The answer must consist solely of the lines from the opening line of the entries through the line with "По словам очевидцев, автомобиль", transcribed exactly and without any pictures.
───── DATASET ENTRIES ─────
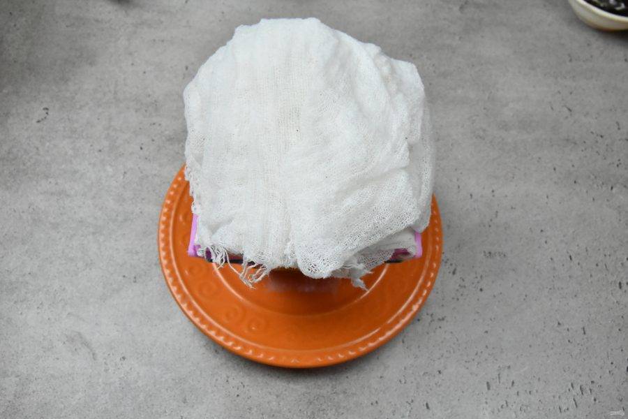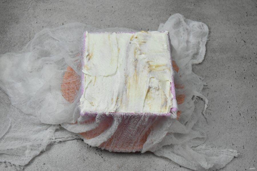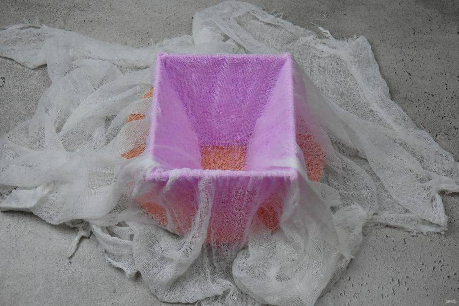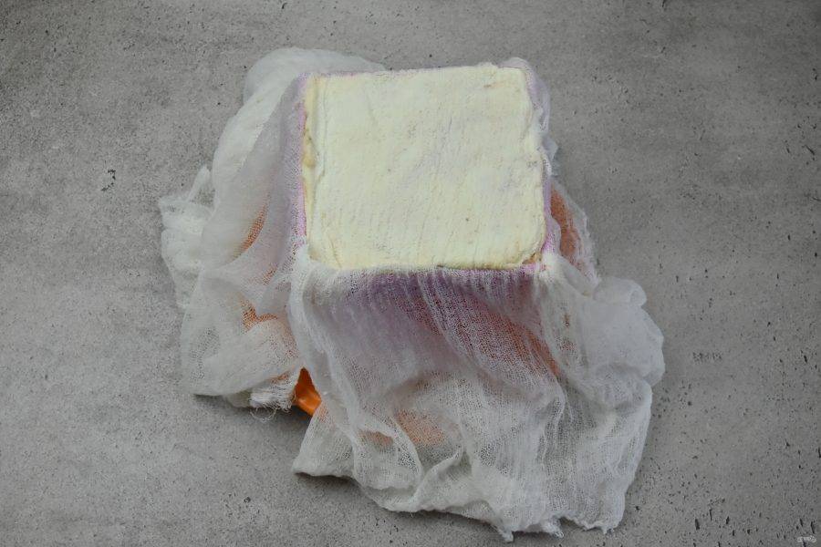 Края марли подверните на верх формы. Установите груз и поставьте всю конструкцию в холодильник.
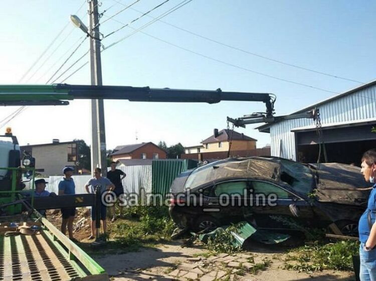 По словам очевидцев, автомобиль «Хендэ» на высокой скорости не вписался в поворот, подлетел, как на трамплине на куче щебня, проехал по крыше припаркованной машины и влетел в гараж частного дома.
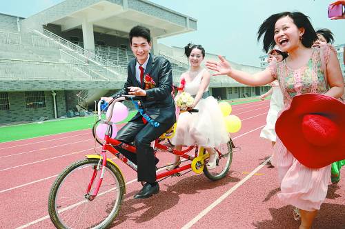 6月3日,湖南第一师范学院东方红校区的田径场上,一场校园婚礼正在进行。该校大四学生胡啸宇骑着自行车,迎娶了新娘刘庆华。
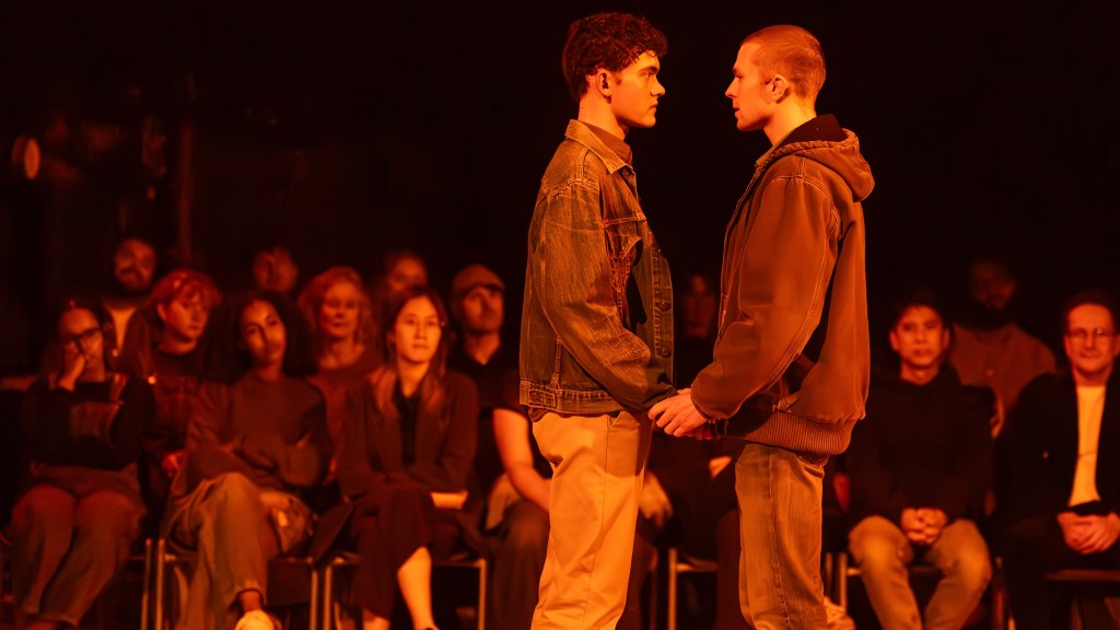 One thing that feels unnecessary here is the staging. The play is set in the round with some audience members sat onstage. Director Jack Serio talks in the programme about using a “stripped-down aesthetic” and “theatrical essentialism,” using what you need and nothing more.
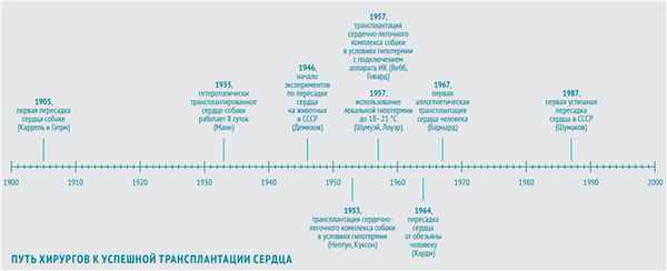 В СССР первая успешная трансплантация сердца была осуществлена в 1987 году знаменитым врачом-трансплантологом академиком АМН СССР Валерием Ивановичем Шумаковым (1931–2008).
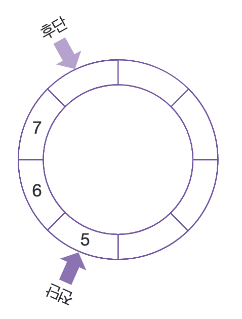 삽입이 이루어질 때마다 후단이 뒤로 후퇴하다가 전단을 만나면 큐는 '가득 찬 상태' 가 된다.
─────
» **PROBLEM SOLUTION**
 Края марли подверните на верх формы. Установите груз и поставьте всю конструкцию в холодильник.
 По словам очевидцев, автомобиль «Хендэ» на высокой скорости не вписался в поворот, подлетел, как на трамплине на куче щебня, проехал по крыше припаркованной машины и влетел в гараж частного дома.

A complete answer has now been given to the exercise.